Although initially 'as if' presented as a young woman who is naive, slowly according to the plot, G began to be shown as a woman who thinks intelligently and critically. For the first time, this is neatly narrated through his first night scene with William. William complains about why women's clothes are too complicated, but G responds with his witty opinion which he conveys still very carefully to a husband he doesn't know, “ It's our way of expressing ourselves, I supposed. You have so many ways of expressing yourself, we must make do with our hats and our dresses." G's criticality is also depicted when he questions his mother about William, who rarely communicates with him and only cares about his dogs. Then, how did G start to take part and participate in discussions at banquets with her husband's guests from political parties ( Whigs ).

Despite suffering under the oppression of her husband and a disorganized household, G is not told to be a passive figure. On the other hand, he is described as an active figure against oppression. As G's form of 'resistance' against her husband's oppression, she truly expresses herself in the public sphere—through politics, fashion, gambling and finally infidelity. Although very 'unusual', G chose that path.

One of the interesting scenes when G 'conspired' with Mr. Sheridan, the playwright and designer, to 'quirk' her husband through the play. Even before the play, for all the scandals that occurred in their household, William Cavendish was known as the only man in England who did not love his wife. Unfortunately, the oppression was not easy to beat by G until the end of The Duchess (2008). There is one scene that becomes a tragic symbol of the oppression: the scene where G gets drunk at a noble party after feeling helpless against his husband's oppression and accidentally crashes the table so that his wig burns. The scene concludes with her husband's order to the party maid to water the wig) his wife with wine, as an implicit symbol of social status as well as G's self-expression which was turned off and belittled by her husband—considering that wigs were one of the symbols of aristocratic social status at that time, with a deeper meaning for G.

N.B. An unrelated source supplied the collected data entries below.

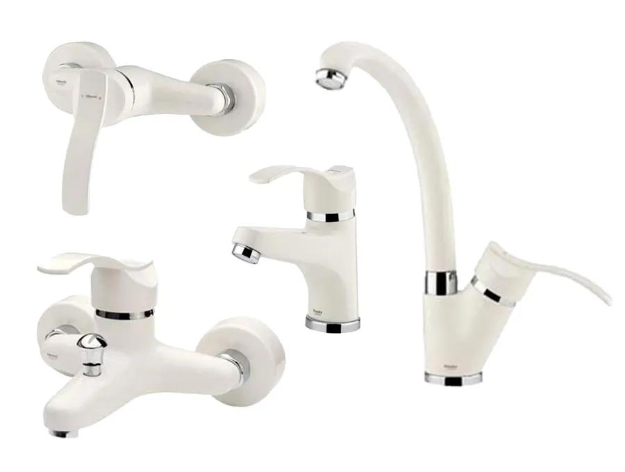 این ست 4 تکه شیرآلات شامل شیر ظرفشویی، شیر روشویی، شیر توالت و شیر حمام میباشد |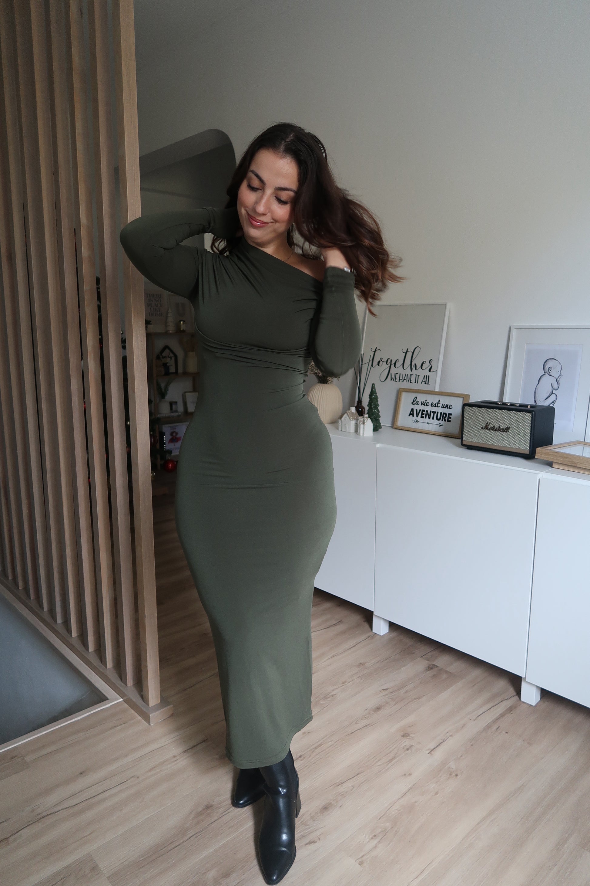 Elegante, feminino e intemporal. Este vestido midi destaca-se pelo seu corte justo que realça a silhueta, aliado a um design assimétrico no decote que lhe confere um toque moderno e sofisticado. Confeccionado em tecido elástico e confortável, adapta-se perfeitamente ao corpo, garantindo liberdade de movimentos sem perder estrutura.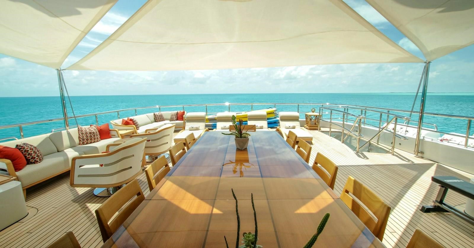 W boasts vast outdoor living areas, inviting guests to embrace the alfresco lifestyle. The sundeck serves as the heart of the yacht, perfect for basking in the sun. Enjoy multiple sunbathing spots, a large Jacuzzi, a shaded bar, and an outdoor dining area. Both the bridge deck aft and main deck aft are equipped with comfortable lounging areas ideal for social gatherings.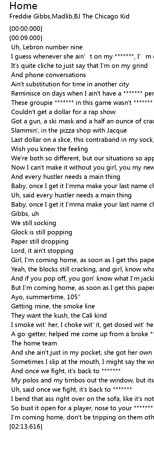 | [01:47.949] | I'm coming home, don't be tripping on them other hoes |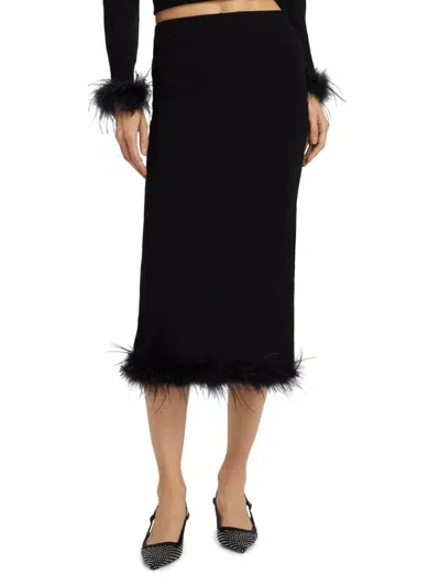 Women's Louise Feather-trim Wool Skirt In Black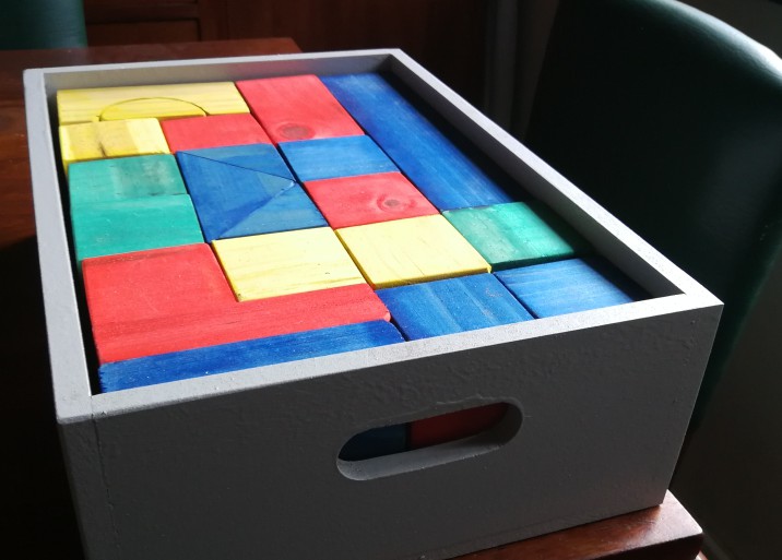 DOUBLE SIDED BLACKBOARD, WOODEN BLOCKS (ALSO AVAILABLE IN A BOX), PLAY BED, PUPPET THEATRE Awesome double sided blackbaord Double sided blackboard in pastel colours 54 different shaped blocks . also available in a wooden box
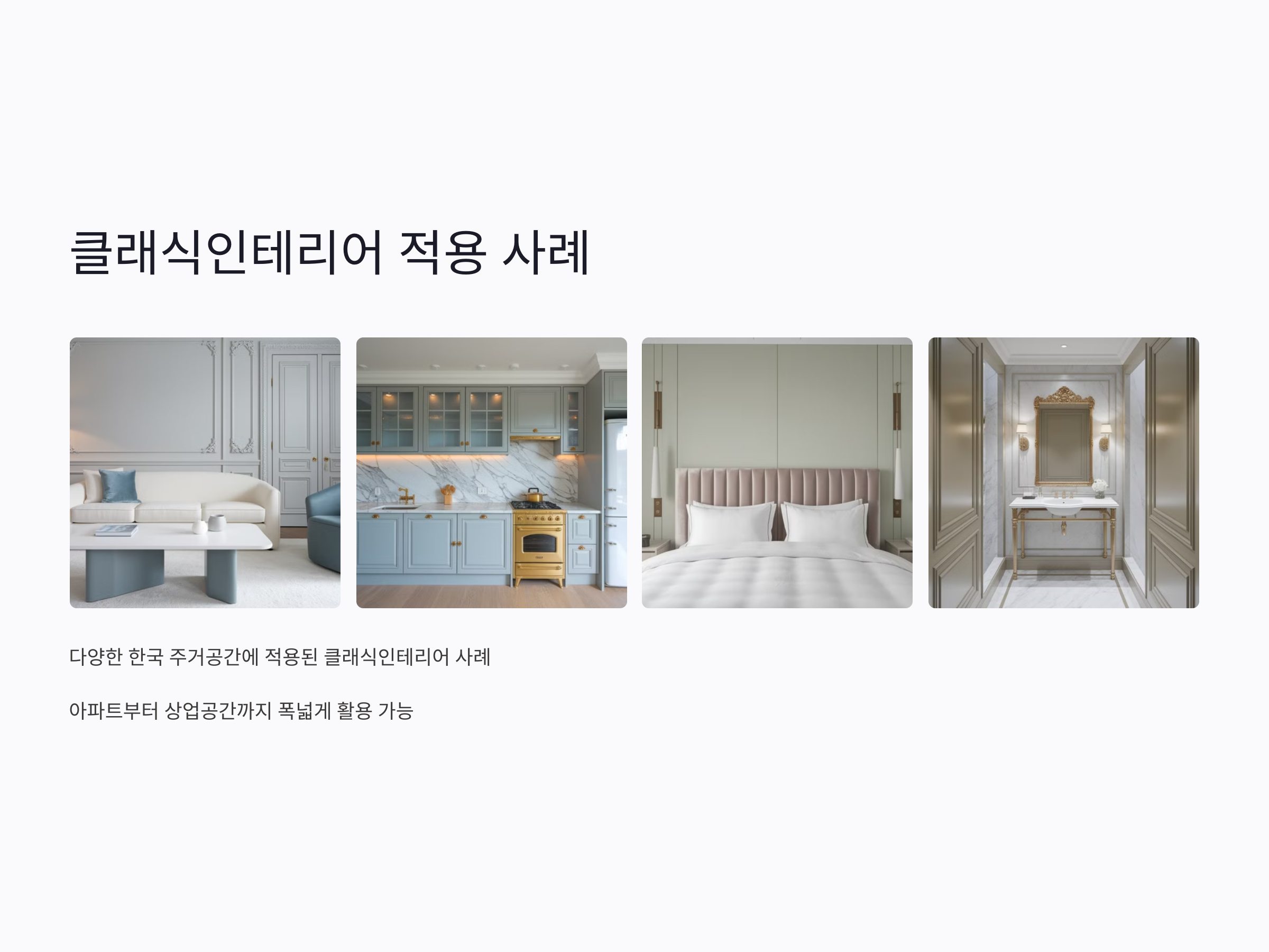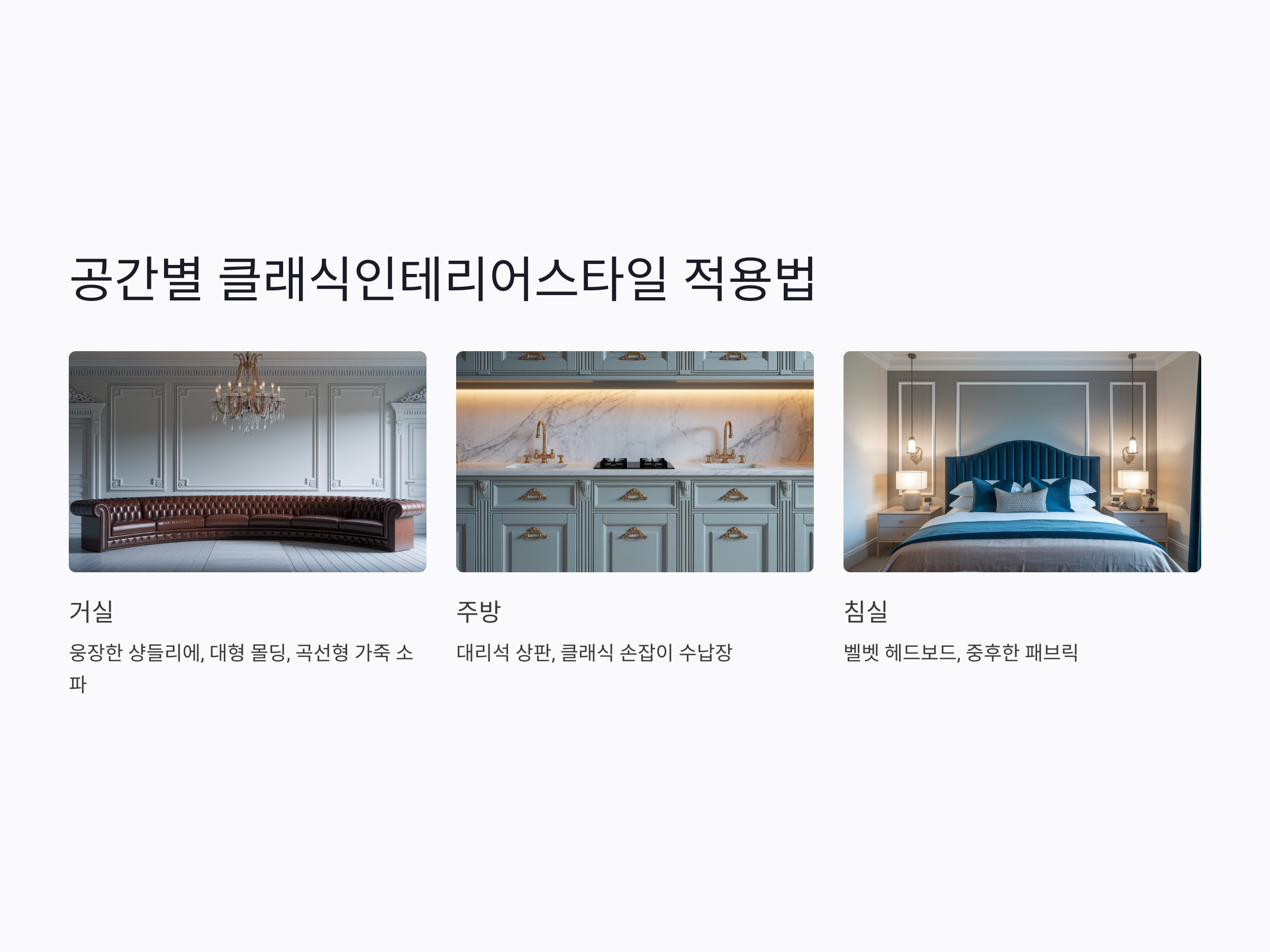 클래식인테리어는 적용하는 공간에 따라 디테일을 달리해야 더욱 멋스럽게 완성됩니다. 거실에는 웅장한 샹들리에와 대형 몰딩 벽이 잘 어울리고, 소파는 곡선형 팔걸이가 있는 천연가죽 소재가 이상적입니다. 주방은 대리석 상판과 클래식한 손잡이가 있는 수납장을 통해 고급스러움을 표현할 수 있습니다. 침실은 벨벳 소재의 헤드보드와 중후한 컬러의 패브릭을 사용하면 품격 있는 분위기를 연출할 수 있습니다. 욕실 역시 골드 포인트의 수전과 클래식 프레임 거울을 활용하면 전체적인 통일감을 줄 수 있습니다.
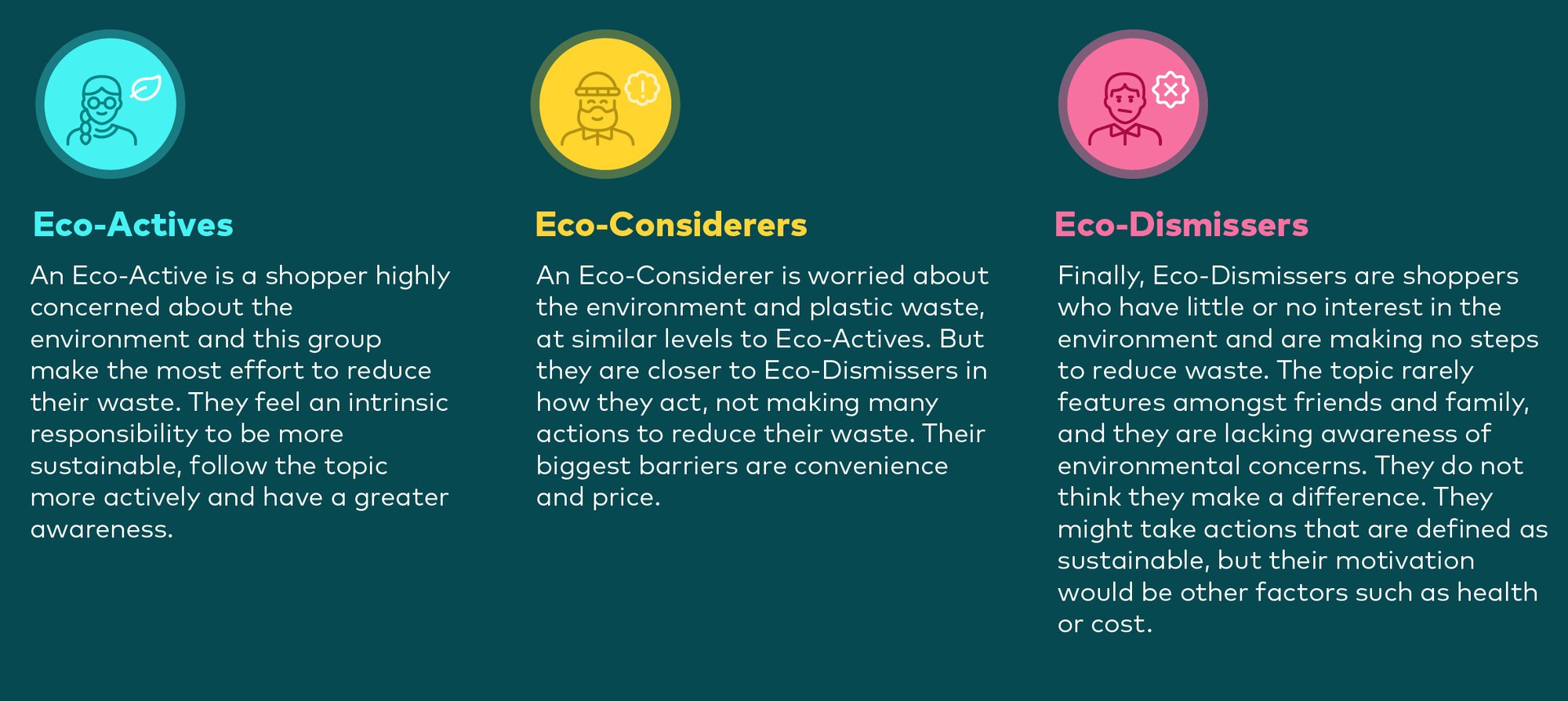 Based on these behaviours, for the last seven years, we’ve divided consumers into three groups, Eco-Actives, Eco-Considerers and Eco-Dismissers.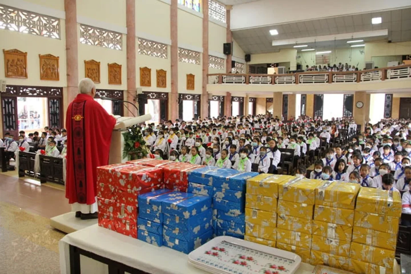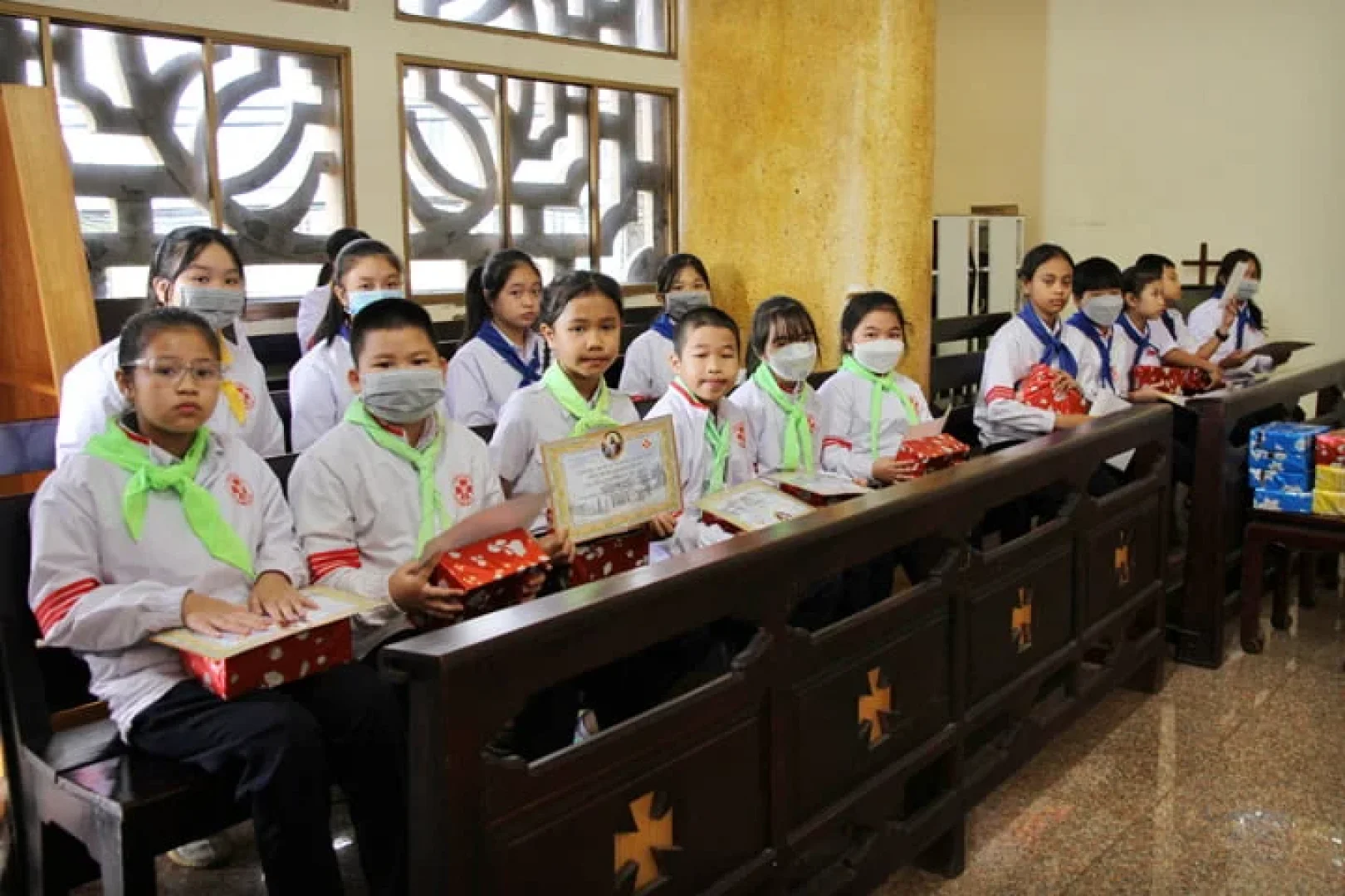 Sau đó là phần phát thưởng. Có 60 em được xét là đã nỗ lực xuất sắc trong việc học giáo lý và siêng năng tham dự Thánh lễ. Đây là sự khích lệ giành cho những cố gắng của các em đoàn sinh. Mong sao quý phụ huynh sẽ dành mọi sự quan tâm cho con em mình, để các em được lớn mạnh trong đức tin.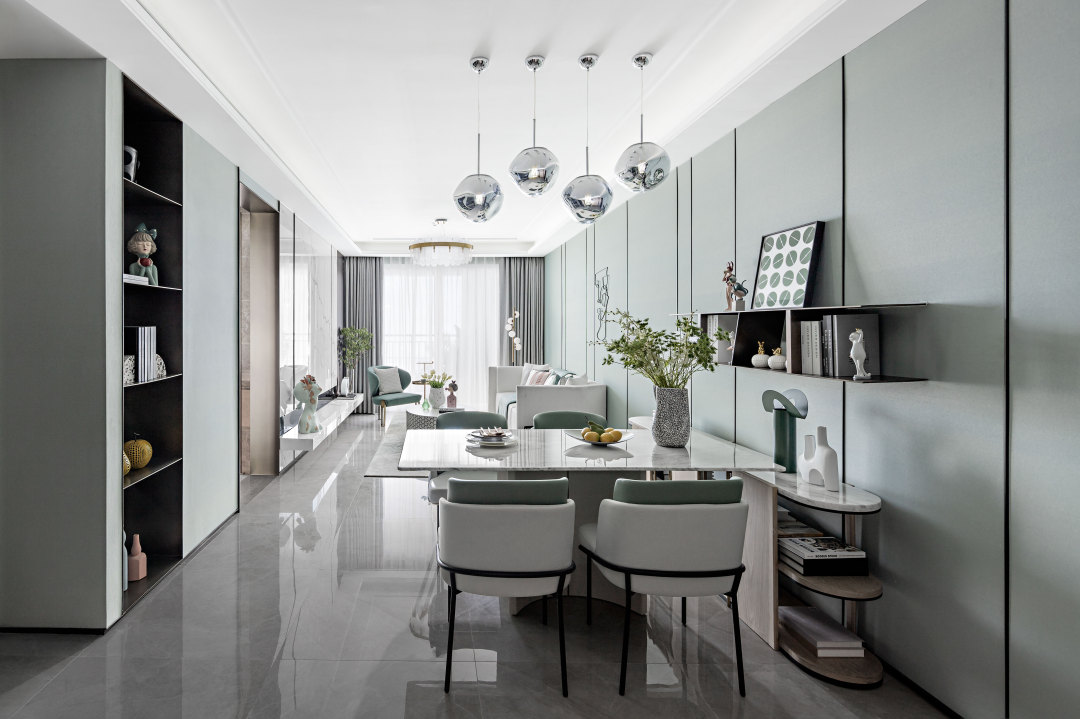 餐廳與客廳相連,沒有明顯的分隔,簡約的鏡面吊燈裝飾,馬卡龍綠的餐椅搭配簡單的大理石餐桌,色調(diào)清新明快。

Despite her unhappy marriage to her husband, G is a mother who loves her children very much. After repeated miscarriages and gave birth to two daughters to William G finally gave birth to a boy who becomes the heir and successor to his father's lineage as the 6 th Duke of Devonshire. G is also told to breastfeed his own baby, without a wet nurse (a servant who helps breastfeed babies, especially for nobles). When she was forced to end her romantic relationship with Charles Grey, she said, “ I cannot abandon my children(because William threatened to separate G from his children, never to see them again). The mother's love in G is also clearly depicted in the painful scene when she has to give her baby (Eliza), who was born from an affair with Charles Grey, to the Gray family to take care of—William who 'ordered' it, did not allow G to raise the child (how tragic , considering that G himself had raised the child of William's previous affair—whom G loved like his own).

The figure of G (Georgiana) in the film The Duchess (2008) represents aristocratic and upper-privileged women who apparently do not escape gender oppression even in their own households, women who experience sad and painful oppression from their own husbands. Without having to argue about the morality aspect of the chosen resistance path, the figure G represents women who are active against oppression, even though the oppression is very oppressive. The figure G also represents women who are fighting for a place in the public sphere, especially in the realm of activism and politics—to fight for better conditions for all. Representing women, who do not give up their voice, even though patriarchal culture is always considered second class.